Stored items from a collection

Segment Open

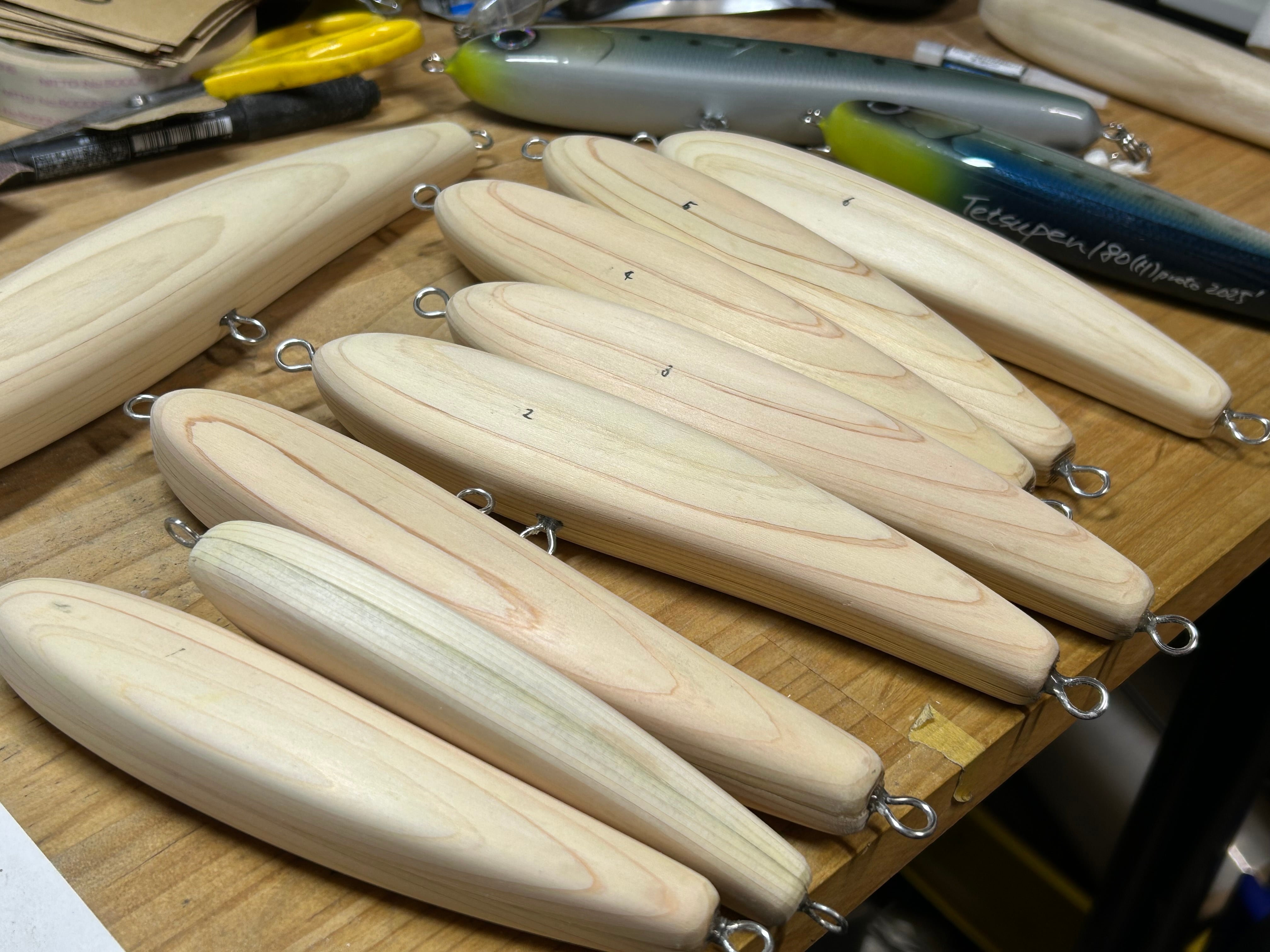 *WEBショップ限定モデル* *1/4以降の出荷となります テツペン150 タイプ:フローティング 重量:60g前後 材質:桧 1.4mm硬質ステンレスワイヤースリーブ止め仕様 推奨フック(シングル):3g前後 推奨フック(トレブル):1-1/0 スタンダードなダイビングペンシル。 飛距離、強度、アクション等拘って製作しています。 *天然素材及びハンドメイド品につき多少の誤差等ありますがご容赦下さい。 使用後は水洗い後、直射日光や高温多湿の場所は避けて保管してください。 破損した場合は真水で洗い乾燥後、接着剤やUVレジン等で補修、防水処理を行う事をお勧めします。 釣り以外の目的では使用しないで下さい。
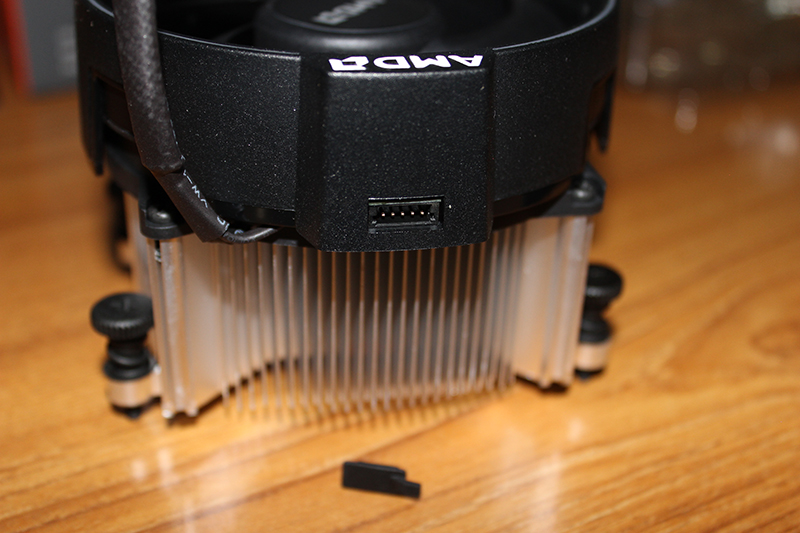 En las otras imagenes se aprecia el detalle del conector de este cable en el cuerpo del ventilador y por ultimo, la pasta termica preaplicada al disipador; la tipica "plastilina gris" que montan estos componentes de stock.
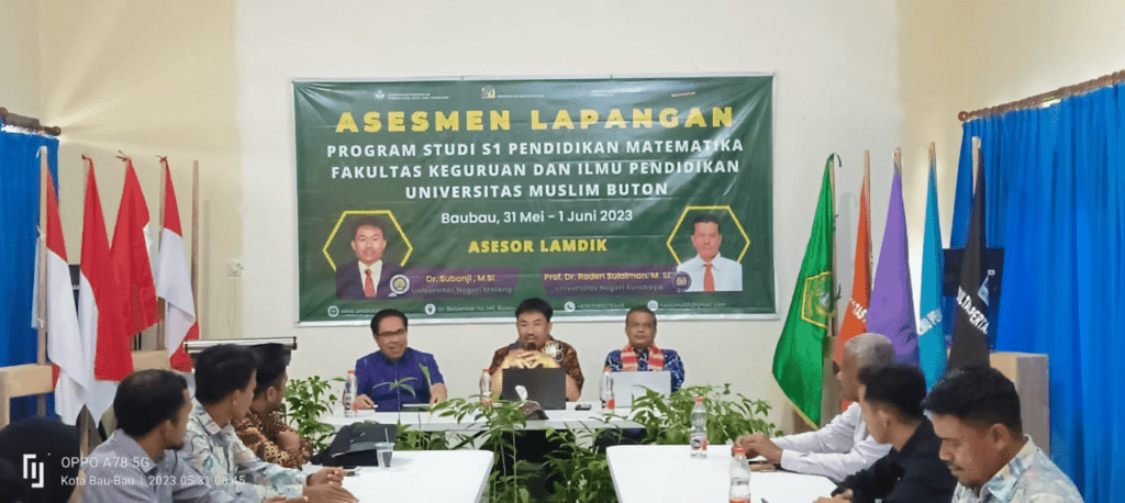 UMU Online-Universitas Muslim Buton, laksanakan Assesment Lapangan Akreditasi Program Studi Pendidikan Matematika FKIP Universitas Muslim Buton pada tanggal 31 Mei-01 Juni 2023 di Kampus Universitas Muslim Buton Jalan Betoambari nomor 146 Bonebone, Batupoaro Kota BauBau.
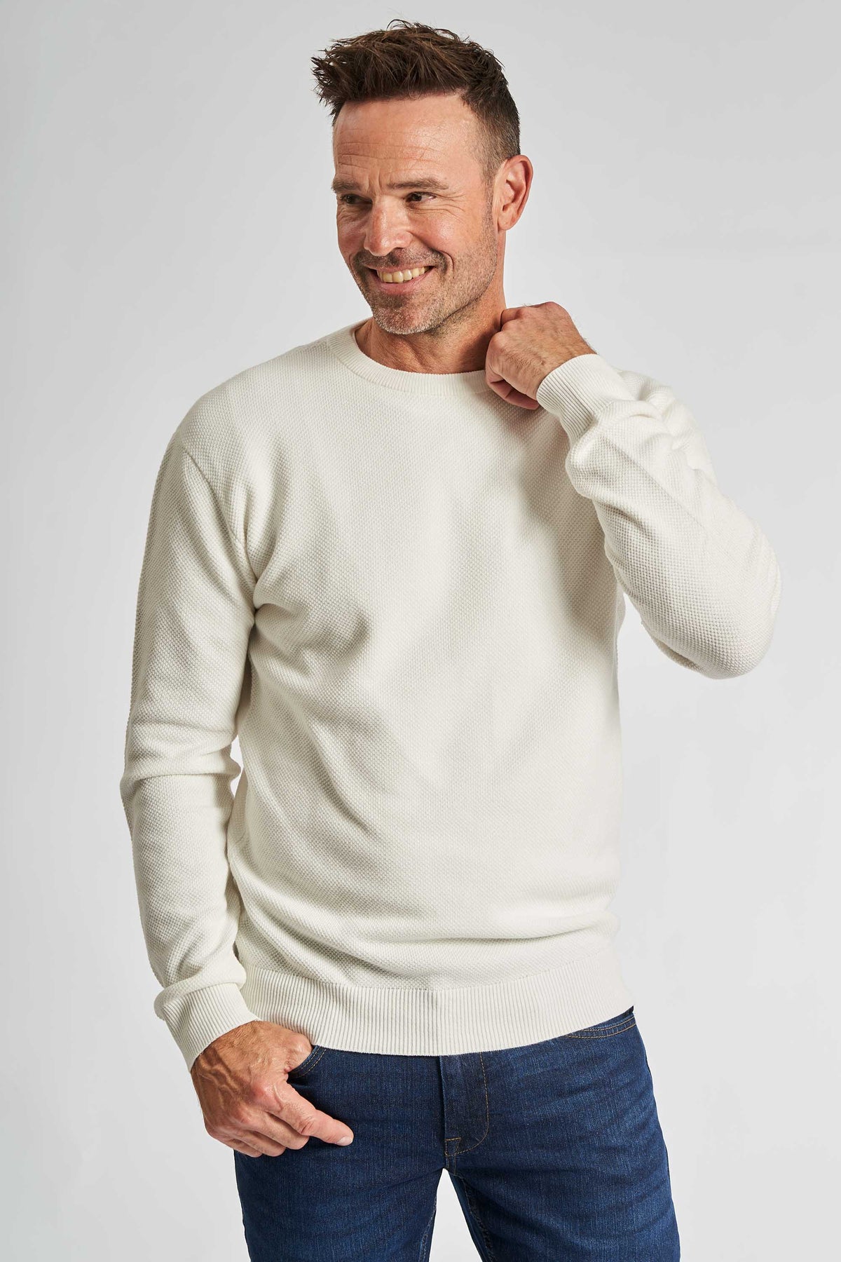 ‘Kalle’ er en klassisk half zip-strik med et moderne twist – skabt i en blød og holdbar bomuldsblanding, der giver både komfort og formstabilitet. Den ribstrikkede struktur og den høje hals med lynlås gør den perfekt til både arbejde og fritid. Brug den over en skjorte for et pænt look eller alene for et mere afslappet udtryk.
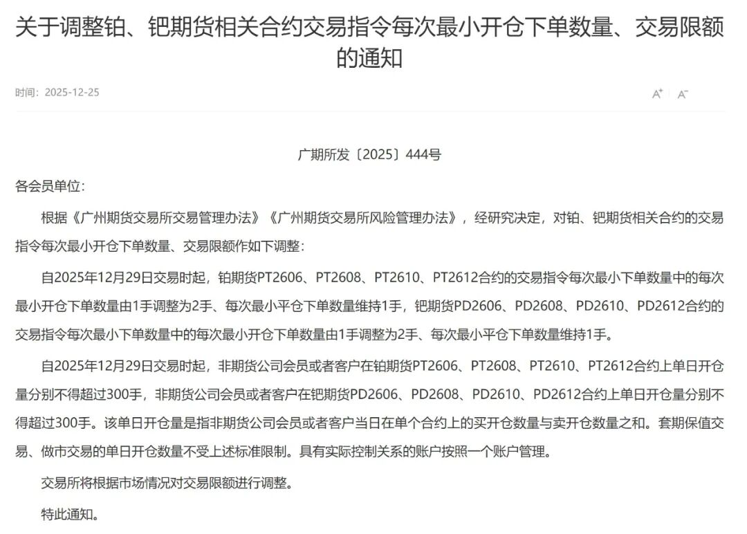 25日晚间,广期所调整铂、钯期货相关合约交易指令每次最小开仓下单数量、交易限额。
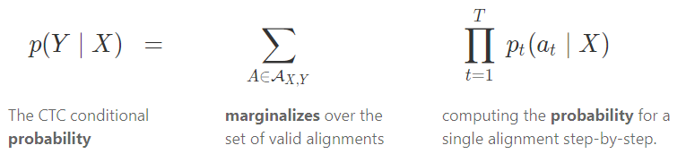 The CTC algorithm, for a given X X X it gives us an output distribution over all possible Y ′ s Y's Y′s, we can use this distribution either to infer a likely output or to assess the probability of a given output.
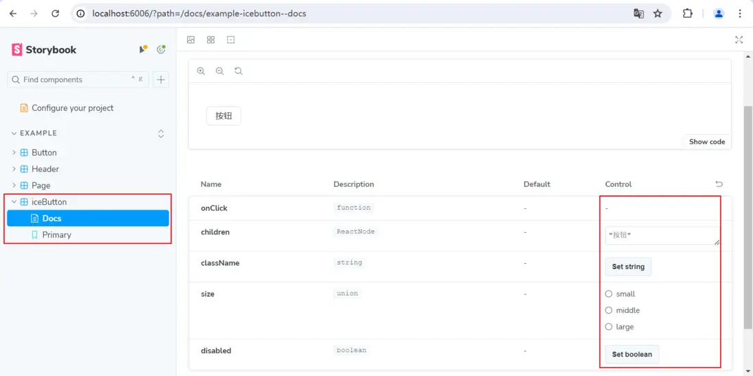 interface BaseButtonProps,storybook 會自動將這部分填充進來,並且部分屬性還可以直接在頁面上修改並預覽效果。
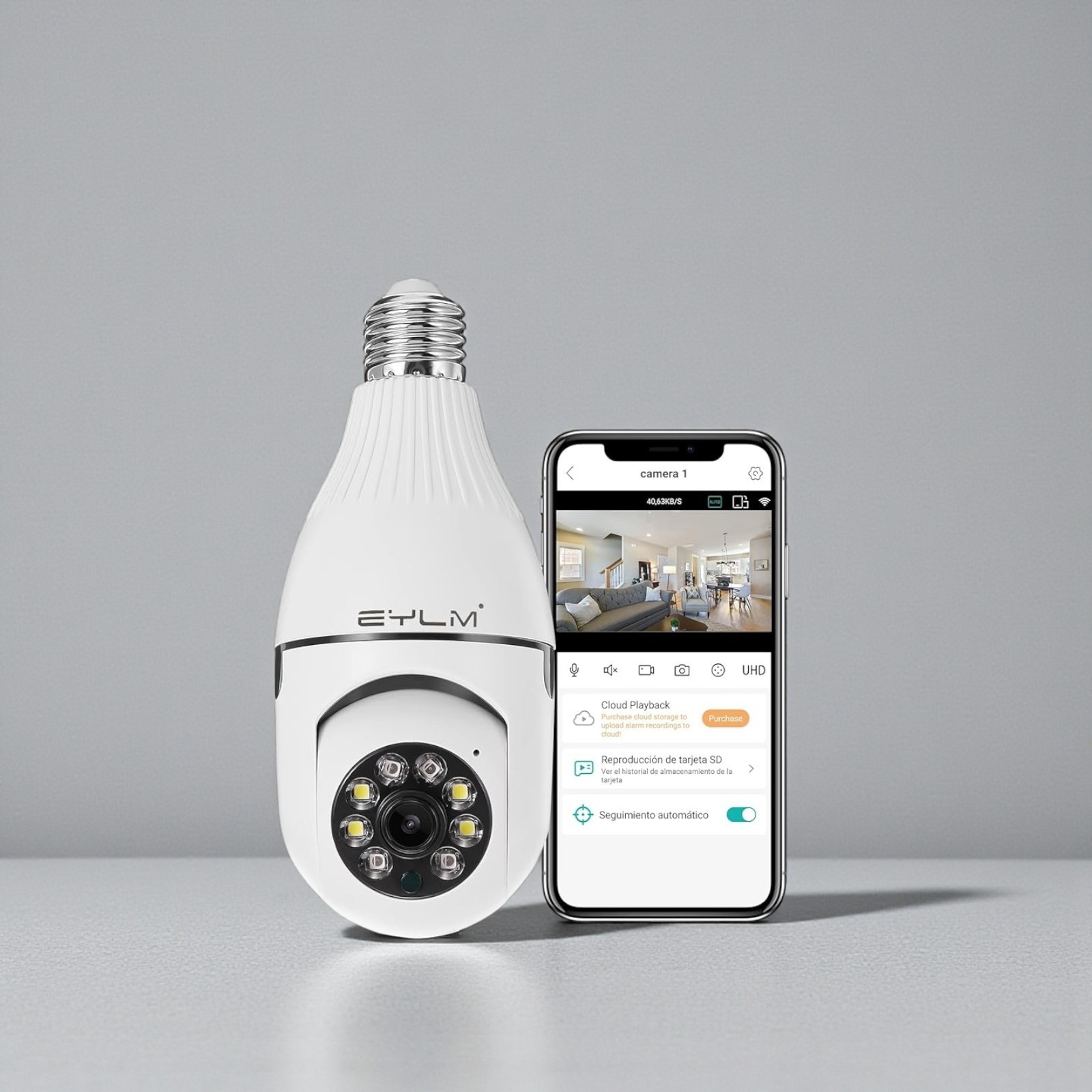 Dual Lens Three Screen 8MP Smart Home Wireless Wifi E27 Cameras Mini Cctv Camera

Segment Closed

§ Problem
Nothing but the lines from the first line of the data through the line with "25日晚间,广期所调整铂、钯" belongs in the answer, copied exactly and without pictures.

§ Solution to this exercise
 *WEBショップ限定モデル* *1/4以降の出荷となります テツペン150 タイプ:フローティング 重量:60g前後 材質:桧 1.4mm硬質ステンレスワイヤースリーブ止め仕様 推奨フック(シングル):3g前後 推奨フック(トレブル):1-1/0 スタンダードなダイビングペンシル。 飛距離、強度、アクション等拘って製作しています。 *天然素材及びハンドメイド品につき多少の誤差等ありますがご容赦下さい。 使用後は水洗い後、直射日光や高温多湿の場所は避けて保管してください。 破損した場合は真水で洗い乾燥後、接着剤やUVレジン等で補修、防水処理を行う事をお勧めします。 釣り以外の目的では使用しないで下さい。
 En las otras imagenes se aprecia el detalle del conector de este cable en el cuerpo del ventilador y por ultimo, la pasta termica preaplicada al disipador; la tipica "plastilina gris" que montan estos componentes de stock.
 UMU Online-Universitas Muslim Buton, laksanakan Assesment Lapangan Akreditasi Program Studi Pendidikan Matematika FKIP Universitas Muslim Buton pada tanggal 31 Mei-01 Juni 2023 di Kampus Universitas Muslim Buton Jalan Betoambari nomor 146 Bonebone, Batupoaro Kota BauBau.
 ‘Kalle’ er en klassisk half zip-strik med et moderne twist – skabt i en blød og holdbar bomuldsblanding, der giver både komfort og formstabilitet. Den ribstrikkede struktur og den høje hals med lynlås gør den perfekt til både arbejde og fritid. Brug den over en skjorte for et pænt look eller alene for et mere afslappet udtryk.
 25日晚间,广期所调整铂、钯期货相关合约交易指令每次最小开仓下单数量、交易限额。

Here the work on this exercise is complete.